Supuesto autorretrato de
Leonardo da Vinci, dibujo posterior a 1512.
Hemos celebrado este
año el quinto centenario de la muerte de Leonardo da Vinci, un genio global del
Renacimiento. El último día del año se cumplirán, de otro lado, los quinientos
diecisiete años de una circunstancia de su vida no tan conocida como su obra
pictórica. Debo la información al libro de Paul Strathern The Borgias, Power and Fortune, Atlantic Books, Londres 2019.
Ese día del año
1502 entraban a caballo en Sinigalia, charlando plácidamente entre ellos, Leonardo
da Vinci y Nicolás Maquiavelo, dos florentinos y amigos que formaban parte del
séquito de César Borgia, duque de la Romaña.

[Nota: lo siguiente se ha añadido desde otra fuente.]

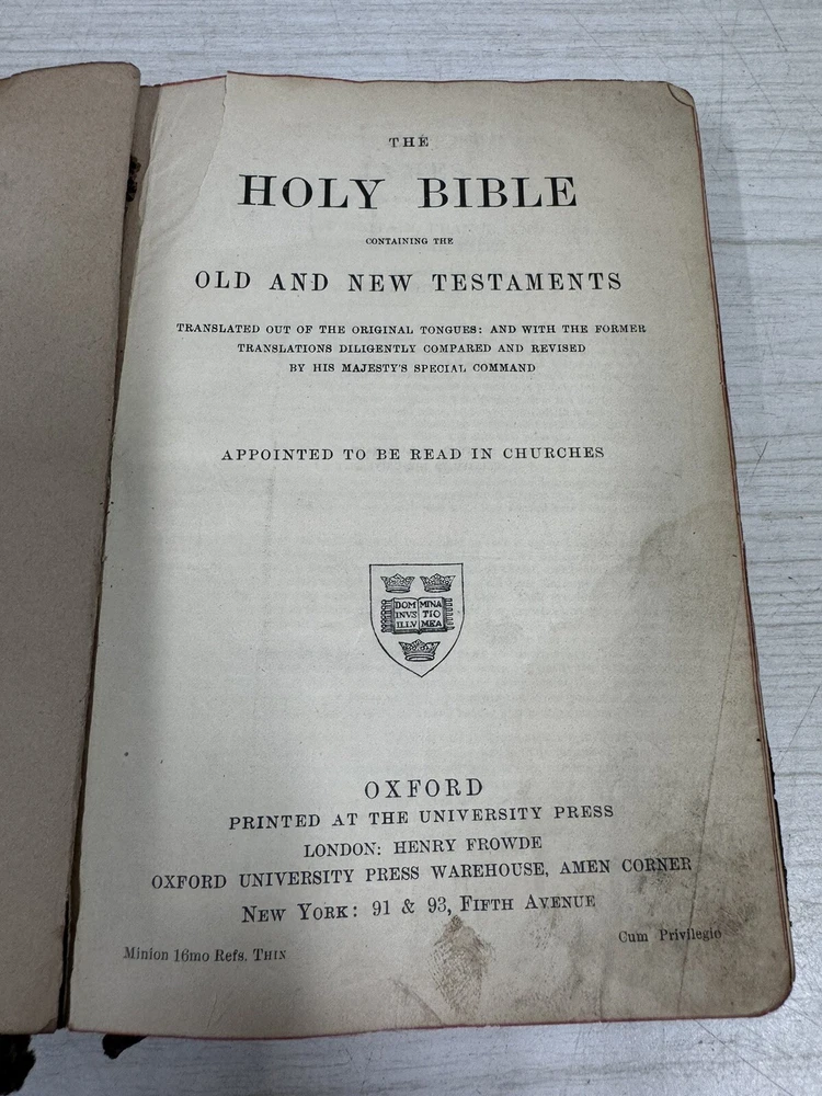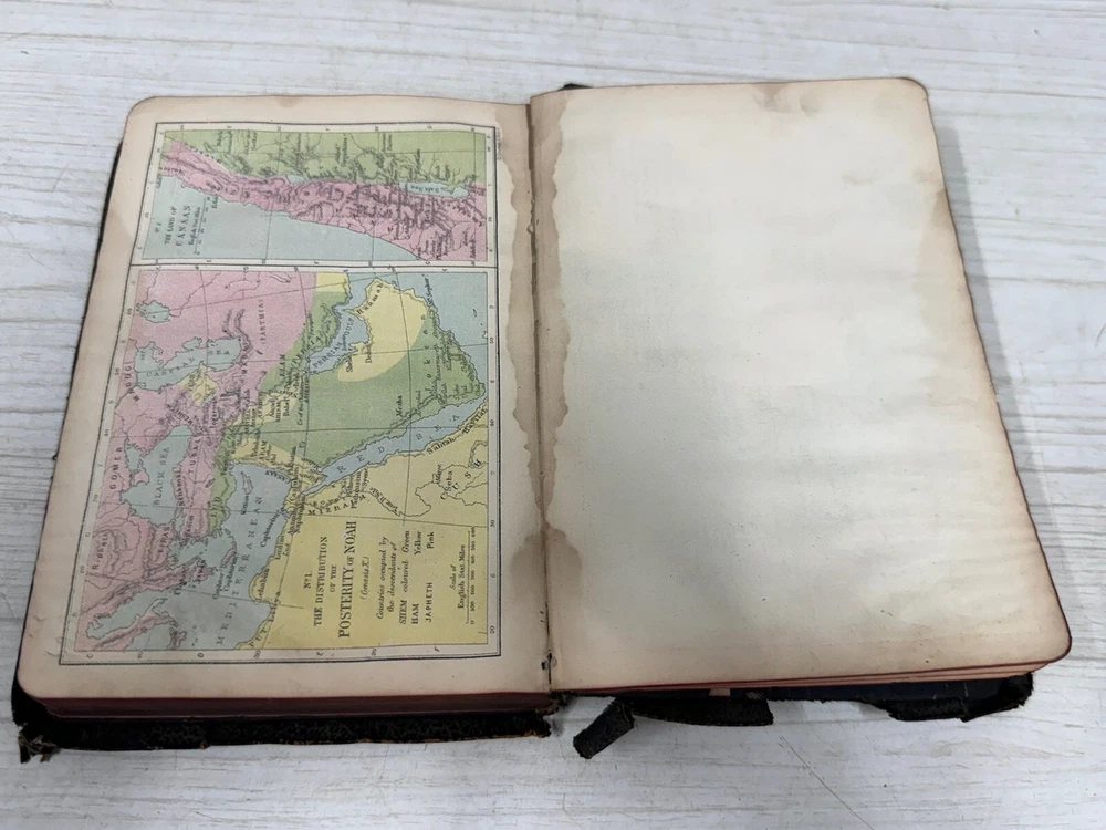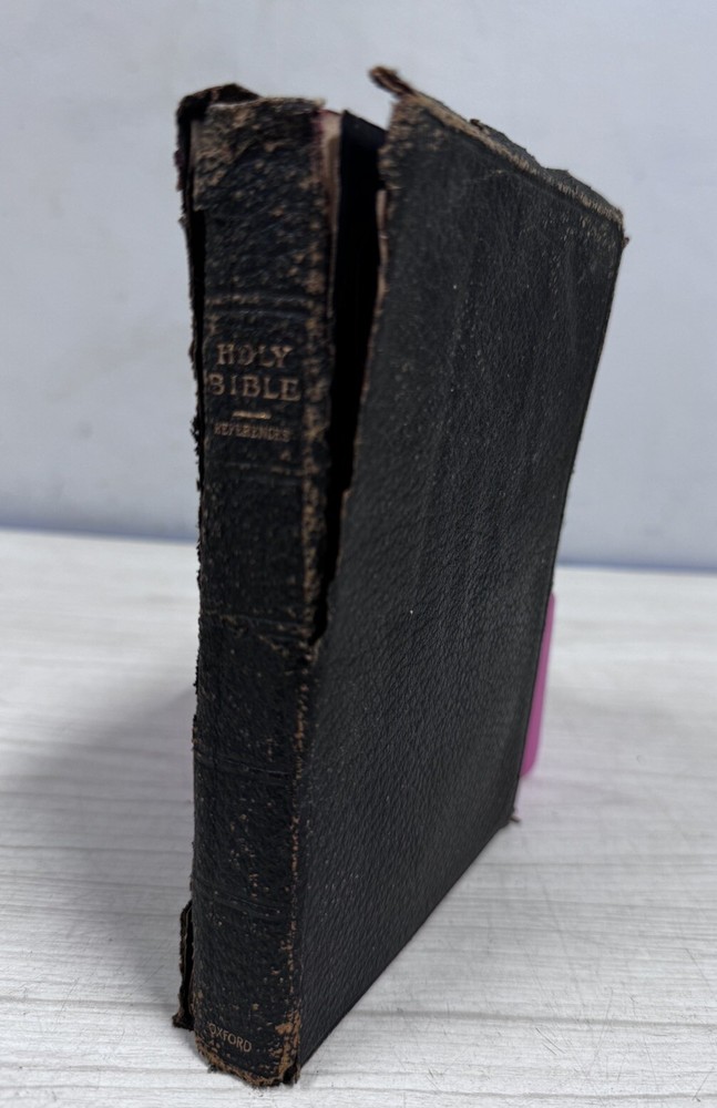 This Holy Bible Reference & Maps edition from 1902 is a must-have for any collector or believer in Christianity. With its leather binding and original copy, it is a rare find for anyone interested in the Old and New Testaments. Published by Oxford University Press and written in English, this Bible is a valuable addition to any collection. It contains detailed maps and references to help readers navigate the text. Whether you are a scholar or simply a believer, this Bible is a precious item that should not be missed. Please note due to its age the binding is starting to break away and will need something to keep it together. The inner pages are good. Please see all the pictures and as always thank you for checking out our vintage merchandise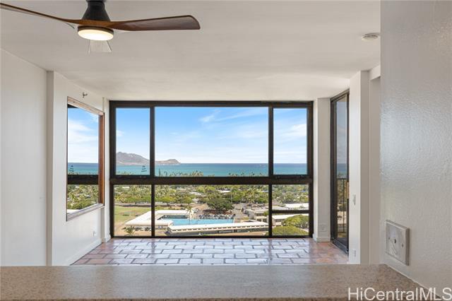 Stunning, panoramic ocean views like no other from this very private, 17th floor, corner end unit in the tallest building in Kailua! Completely renovated by an interior designer in 2022, this 2 bedroom 2 bathroom unit (converted from 3 bedrooms) features luxury vinyl flooring, brand new appliances, renovated kitchen and bathrooms, AC in every room, peaceful lanai and is fully furnished and fully stocked- linens, kitchenware & cookware too! Just bring your suitcase. Walk-in closet and laundry room offer plenty of additional storage. Incredible location, so close to all that Kailua has to offer. Walk or bike to all the restaurants, shops, yoga, fitness classes or to white, sandy Kailua Beach! Windward Passage offers the best amenities in Kailua- A heated saltwater pool and spa, sauna, gas BBQs, coral reef park with picnic tables, racquetball, pickleball & tennis courts, fitness center with sauna and showers, surfboard & bike storage, community room and 24/7 security! Windward Passage offers the most amenities of any east side community. Monthly rent includes water, sewer, cable & internet. Electric is at the tenant's expense. 1 year renewable lease. No pets. No smoking of any kind. Available 2/6/26.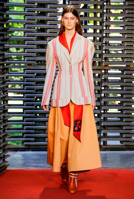 Статус главного подиумного долгожителя по праву носит классический костюм: дизайнеры слегка меняют фасоны и палитру оттенков, экспериментируют с принтами и декором, но двойки из жакетов и юбок или брюк по-прежнему входят в топ важнейших предметов гардероба. В следующем сезоне квадратные оверсайз-фасоны отходят на второй план, уступая дорогу «перевернутому треугольнику» — классическим жакетам с увеличенной линией плеч и осиной талией.
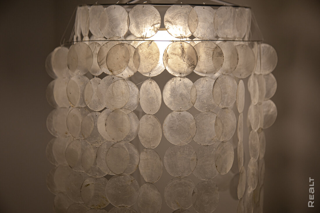 Несколько вещей Света сделала своими руками. В углу стоит торшер из ракушек и лески, на столе — ваза, отделанная художественной пастой.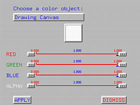To change the color of any one of these objects, select that object from the pull-down menu, followed by changing each of the color components and their alpha channel value using the four sliders. The color corresponding to the current setting will be shown in the small square. If you are satisfied with a particular color, clicking on APPLY will apply the selected color to that object on the drawing canvas. Please note that the color you see on the drawing canvas may be slightly different from the color shown in the color square since objects on the canvas are illuminated with light sources.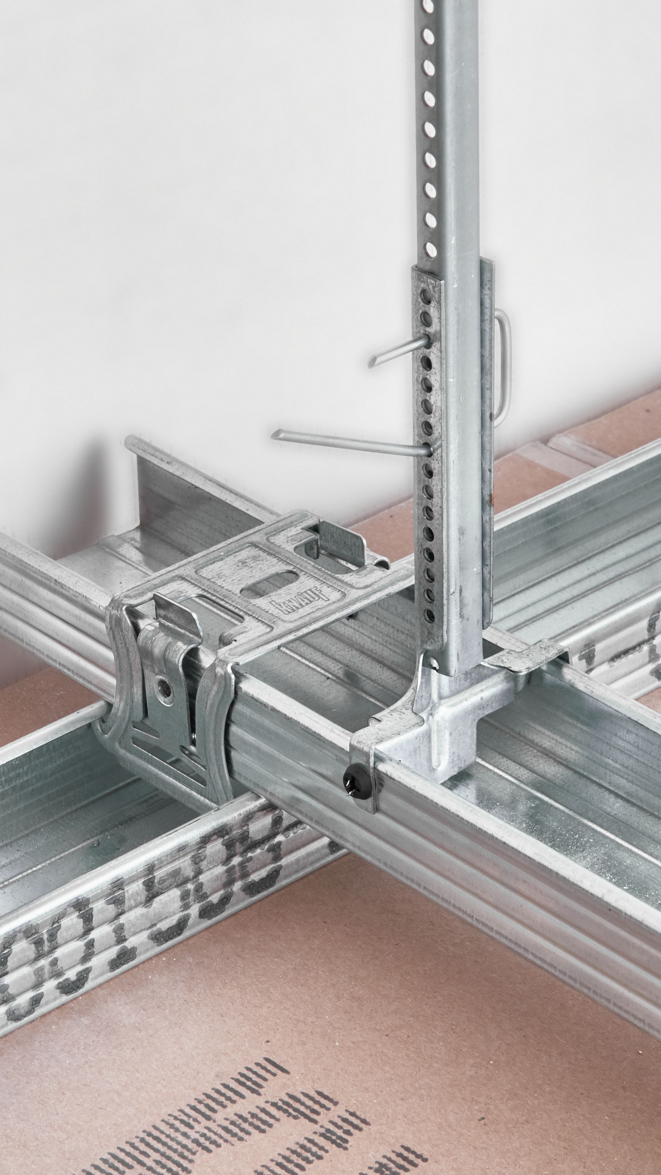 Подвес Нониус КНАУФ нижняя часть предназначен для закрепления потолочных профилей ПП 60х27 к несущему основанию. Монтируется в сочетании с верхней частью нониус подвеса, крепится к профилю для гипсокартона.
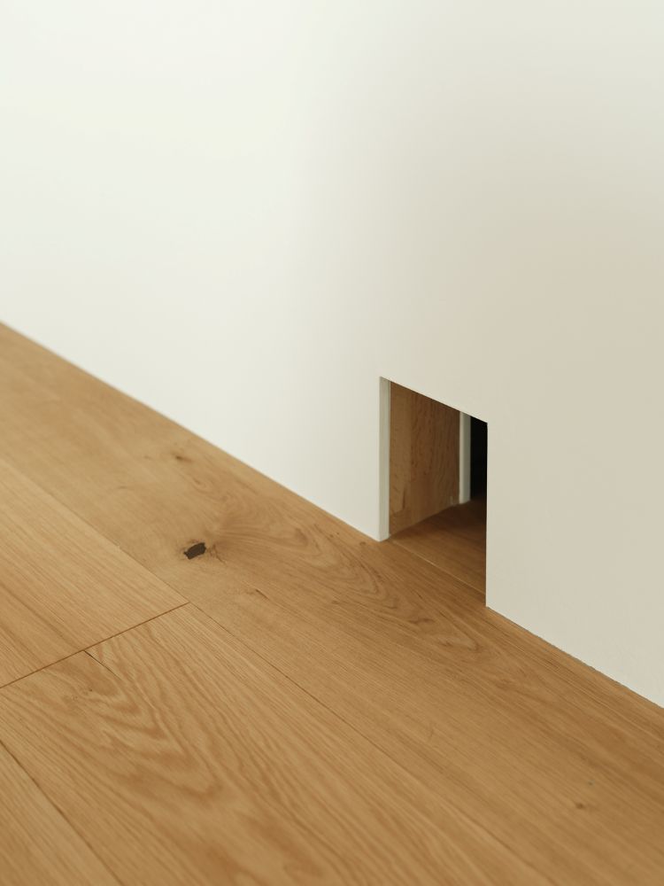 防音室には猫専用のトンネルを設置。音漏れを防ぐために真鍮製のふたを特別に設けるなど、人と猫の両方の快適さを大切にしています。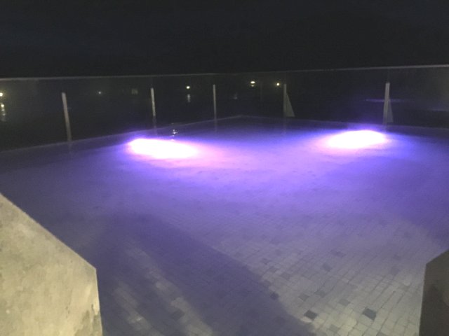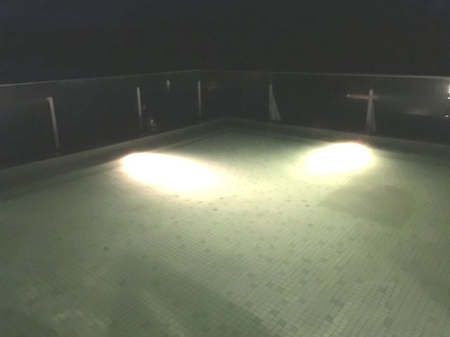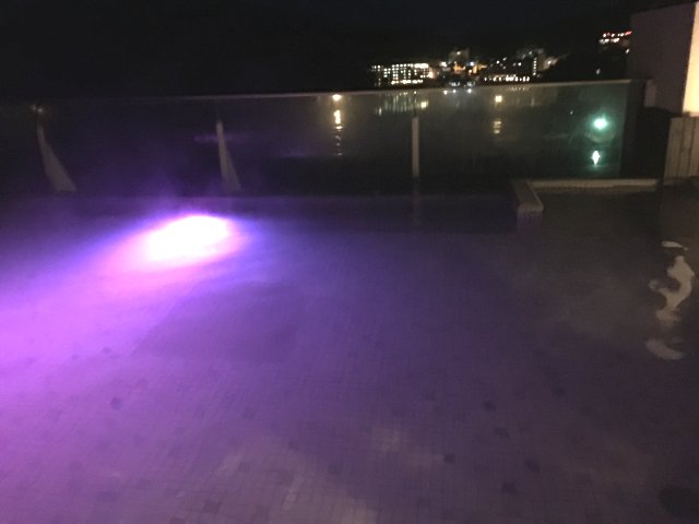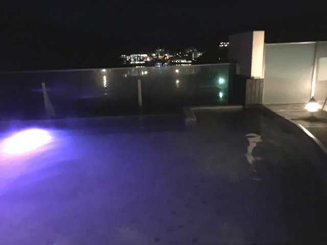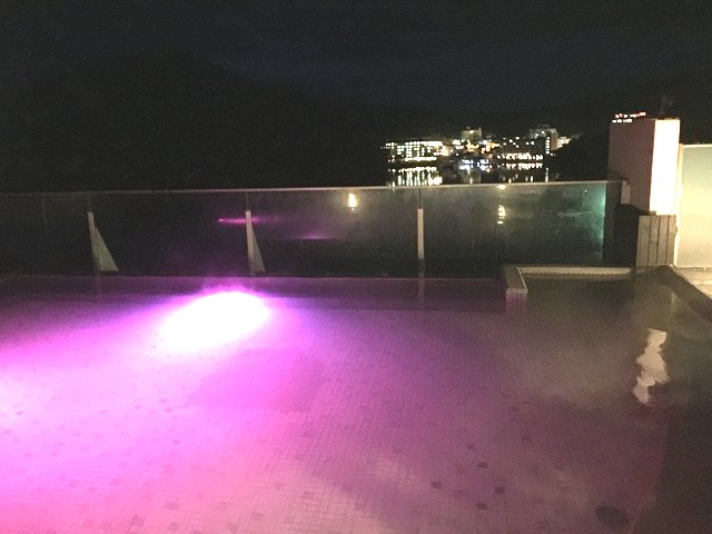 ・屋上は見晴らしのよい露天風呂。夜は阿寒湖温泉街の明かりが灯っていました。真っ暗な空には星が見え、お風呂をブルーにライトアップして幻想的でした。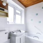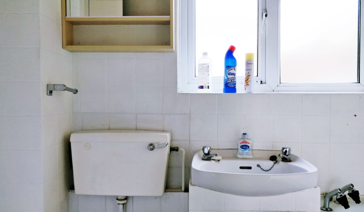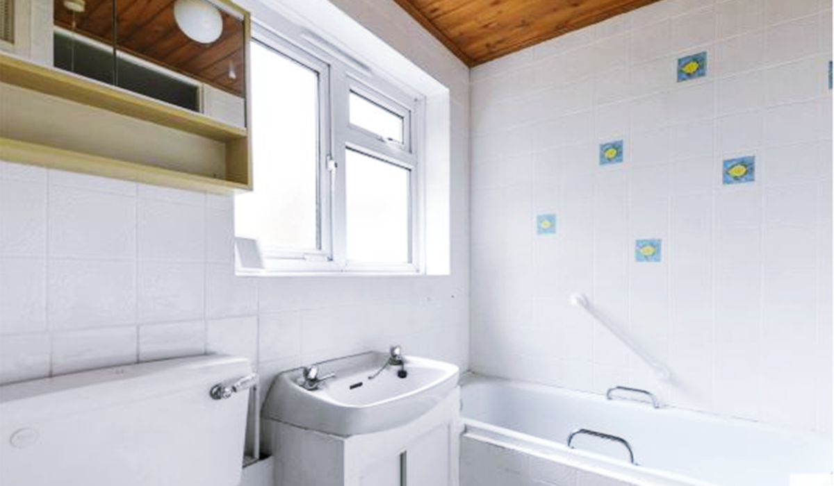 Tiled flooring throughout, tiled walls, bath unit with separate taps, low level flush, wash hand basin with separate tap, under sink storage, double glazed frosted windows.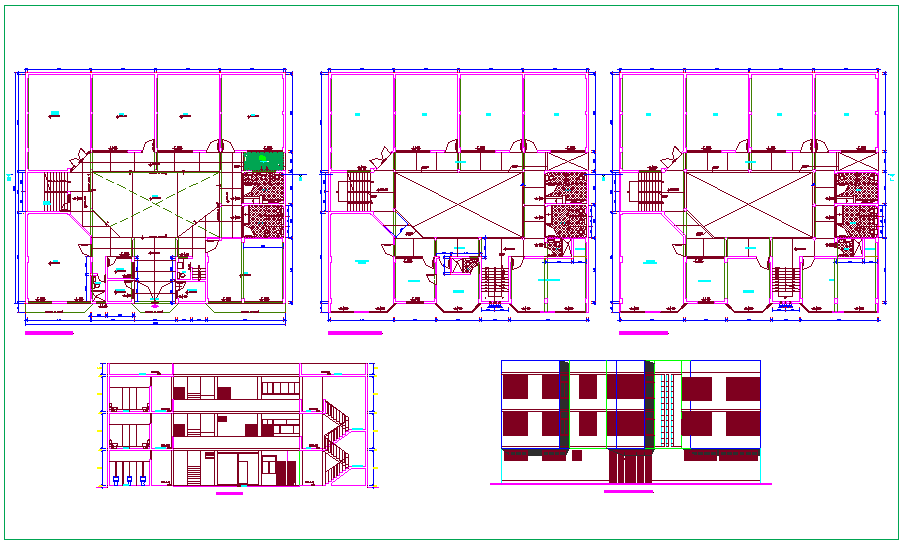 Los angles collage floor plan,elevation and section view dwg file in floor plan with view of first floor plan with area view,entry way,deposit and control area and garden,

César había quedado en aquel lugar,
una ratonera natural, para reunirse con algunos de sus capitanes y analizar conjuntamente
la coyuntura, de modo que fue una sorpresa absoluta, tanto para el ensimismado
Leonardo como para el agudo y sagaz Maquiavelo, después de cruzar el puente de madera
que cruza el río Misa para acceder al “borgo”, el pueblo situado fuera de las
murallas, encontrarse en el meollo de una lucha despiadada y desigual entre los
hombres de César, dirigidos por Miquel de Corella “Micheletto”, y la reducida guarnición
de Oliverotto, condottiero aliado de Borgia que actuaba de anfitrión de la
reunión de capitanes.
Una doble fila de
hombres a caballo protegió a los que entraban y les condujo a la entrada al
recinto amurallado, la ciudad propiamente dicha de Sinigalia. En ese momento
salía por la puerta César, y al ver a Maquiavelo le gritó eufórico: “¡Les tengo
dentro, les he hecho prisioneros!”
Los capitanes,
Oliverotto, Vitellozzo y el grupo de los Orsini ─Paolo, Francesco y Roberto─ habían
planeado una emboscada, y fueron emboscados a su vez por su comandante en jefe,
que aprovechó el hecho de que la mayor parte de las tropas de los conjurados
estaban dispersas, acampadas al otro lado del río. Fue un juego de astucias, un
“bel inganno” como lo llamó el historiador
Paolo Giovio. Para Maquiavelo, experto en lides diplomáticas, era la primera
ocasión en la que se encontraba en el centro mismo de la acción.
No lo olvidó nunca.
Escribió a su patrón, el gonfaloniere florentino
Piero Soderini, lo siguiente: «Las
acciones del Duque han ido acompañadas por una buena fortuna excepcional, y por
una osadía y una confianza sobrehumana en su capacidad para conseguir lo que ambiciona.»
Maquiavelo era embajador
oficioso y espía efectivo de la República de Florencia en el campo de Borgia.
Este se había ofrecido a sí mismo y sus mesnadas como “protector” de Florencia,
para lo que reclamaba paso libre por las ciudades y territorios de la República,
a fin de combatir a sus enemigos potenciales, que no faltaban.
Ni Soderini ni
Maquiavelo se fiaron del duque de Valentinois, como no se fiaban de su amigote
el rey francés Luis XII, instalado en Milán pero con la vista puesta en el
reino de Nápoles y en toda la franja de terreno que quedaba en medio.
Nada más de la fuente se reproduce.